§ **DATASET EXCERPT**
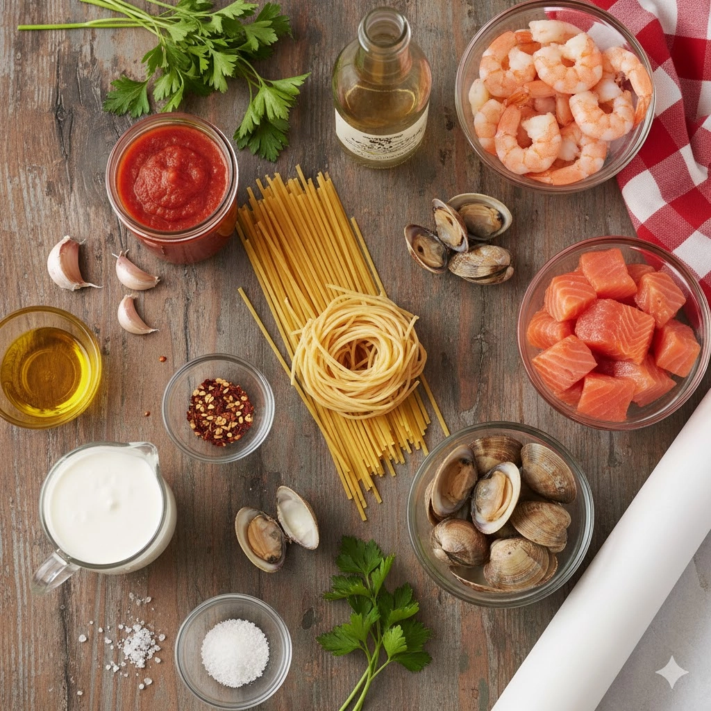 This preparation excels because it bridges the gap between stovetop tossing and oven braising. Unlike a traditional pasta bake that relies on melted cheese and a crispy crust, the parchment method focuses on moisture retention and flavor concentration. When the heat of the oven hits the liquid inside the pouch—in this case, a blend of marinara, dry white wine, and heavy cream—it creates a micro-environment of flavored steam. The clams open, releasing their natural juices directly into the spaghetti strands, while the shrimp and salmon remain remarkably tender. It is a sophisticated yet approachable way to serve a crowd without the last-minute stress of managing multiple pans on the burner.
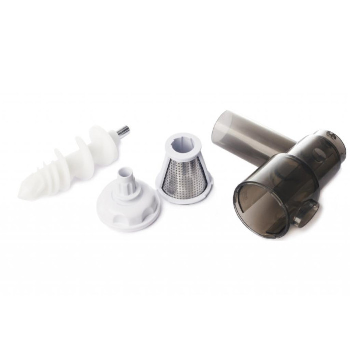 Особо отметим наличие шнековой соковыжималки, которая позволяет получить сок из любых овощей и фруктов, ягод, конеплодов и даже зелени. Преимущество шнековой соковыжималки в том, что благодаря низкой скорости вращения шнека сок не нагревается, не окисляется, а значит сохраняет все свои полезные витамины и минералы. Для отжима сока необходимо присоединить насадку и выбрать специальный режим SLOW.
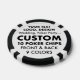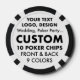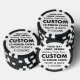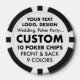 Custom personalised (set of 10) BLACK Casino / Poker Chips. Design, create, make your own casino chips from a template or blank. Add your logo and branding for business promotion, and makes a perfect favour gift for a wedding, or token for a birthday, sweet sixteen or bachelorette party, corporate celebration or other special event. A great customisable, personalised gift for Christmas or any occasion. These fun casino chips have an 'easy stack' textured surface. Choose from 9 colours of classic stripe on the poker chip edge: Red, Blue, Green, Black, Yellow, Pink, Orange, Light Blue and Grey, and customise the front, back and edge of your poker chips with a photo, picture, image or design, and add text, vividly printed on high quality composite plastic. Poker Chip Dimensions: 1.55" diameter x 0.125" thick.

§ **TASK STATEMENT**
Could you reproduce exactly the lines from the first line of the listing through the line containing "Особо отметим наличие", both included, with pictures left out?

§ **RESPONSE TO THE EXERCISE**
 This preparation excels because it bridges the gap between stovetop tossing and oven braising. Unlike a traditional pasta bake that relies on melted cheese and a crispy crust, the parchment method focuses on moisture retention and flavor concentration. When the heat of the oven hits the liquid inside the pouch—in this case, a blend of marinara, dry white wine, and heavy cream—it creates a micro-environment of flavored steam. The clams open, releasing their natural juices directly into the spaghetti strands, while the shrimp and salmon remain remarkably tender. It is a sophisticated yet approachable way to serve a crowd without the last-minute stress of managing multiple pans on the burner.
 Особо отметим наличие шнековой соковыжималки, которая позволяет получить сок из любых овощей и фруктов, ягод, конеплодов и даже зелени. Преимущество шнековой соковыжималки в том, что благодаря низкой скорости вращения шнека сок не нагревается, не окисляется, а значит сохраняет все свои полезные витамины и минералы. Для отжима сока необходимо присоединить насадку и выбрать специальный режим SLOW.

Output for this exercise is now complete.